Bitcoin Transaction Fees Hit Lowest Level Since 2017, but It’s Not Due to Weak Demand
A single unconfirmed report has framed Bitcoin transaction fees as back at 2017 lows, but the directly sourced evidence in Galaxy Digital’s research and Glassnode’s latest on-chain note supports a narrower conclusion: low fees trace back to more efficient block-space use and a migration of activity away from the base layer, not a simple collapse in Bitcoin’s economic relevance. The source documents are https://www.galaxy.com/insights/research/why-are-bitcoin-transaction-fees-so-low and https://insights.glassnode.com/the-week-onchain-week-24-2025/.
Galaxy’s Data Points to a Structural Shift
Galaxy Digital wrote that Bitcoin transaction fees remained near all-time lows despite significant user activity and price volatility, and it identified June 2021 as the turning point for the modern low-fee regime.
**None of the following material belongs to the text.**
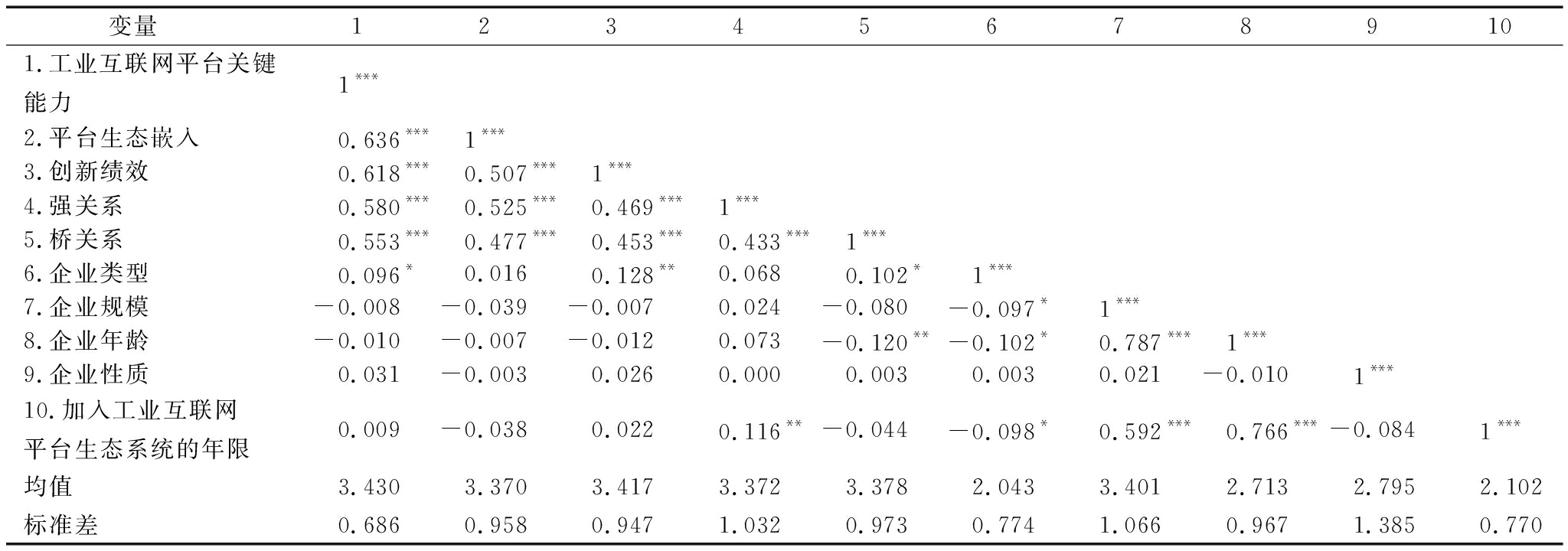 变量123456789101.工业互联网平台关键能力1***2.平台生态嵌入0.636***1***3.创新绩效0.618***0.507***1***4.强关系0.580***0.525***0.469***1***5.桥关系0.553***0.477***0.453***0.433***1***6.企业类型0.096*0.0160.128**0.0680.102*1***7.企业规模-0.008-0.039-0.0070.024-0.080-0.097*1***8.企业年龄-0.010-0.007-0.0120.073-0.120**-0.102*0.787***1***9.企业性质0.031-0.0030.0260.0000.0030.0030.021-0.0101***10.加入工业互联网平台生态系统的年限0.009-0.0380.0220.116**-0.044-0.098*0.592***0.766***-0.0841***均值3.4303.3703.4173.3723.3782.0433.4012.7132.7952.102标准差0.6860.9580.9471.0320.9730.7741.0660.9671.3850.770

That makes this a network-efficiency story rather than a price story like Bitcoin April Rally Faces a Key Fed Date After Historic Gains.
Galaxy’s explanation starts with SegWit usage, which rose from 53% of transactions on June 1, 2021 to more than 70% by July 1, 2021. In Galaxy’s framing, that shift let more transaction data fit into each block and reduced the amount of fee bidding needed for the same flow of payments.
The same Galaxy research says outputs included in batches of 100 or more moved above 23% in late May 2021, while transactions with more than 3 outputs reached 53%. Galaxy also tied the fee compression to growing Lightning usage and less OP_RETURN-heavy traffic, which is consistent with the idea that each on-chain payment was consuming less scarce block space.
“batching and Segwit are certainly part of the mix,” James Check said via Cointelegraph.
Glassnode Shows Why “Weak Demand” Is Too Simple
Glassnode reports that Bitcoin still settles about $7.5 billion per day on a yearly average even as transaction counts fell in 2025. That mix matters because it shows lower fee pressure can coexist with large settlement flows, much as institutional transfer behavior remains central in stories about corporate crypto use such as Ripple Integrates XRP Into Corporate Treasury Systems.
The same Glassnode dataset says transfers above $100,000 now account for 89% of Bitcoin network volume, while combined spot, futures, and options turnover on exchanges is routinely 7x to 16x larger than on-chain settlement. Those figures support a more careful reading of the headline: value transfer remains concentrated in large entities, but a larger share of overall activity is happening off-chain or on exchanges.
That is also why the strongest available evidence does not fully prove the headline’s “not due to weak demand” claim. Glassnode explicitly says transaction counts fell in 2025, so softer demand for block space by count is still part of the picture even as Galaxy’s data shows efficiency gains were compressing fees. Unlike policy-driven crypto stories such as CLARITY Act Stablecoin Earnings Face Deadline Risk, this is mainly a market-structure and network-design story.
Disclaimer: This article is for informational purposes only and does not constitute financial or investment advice. Cryptocurrency and digital asset markets carry significant risk. Always do your own research before making decisions.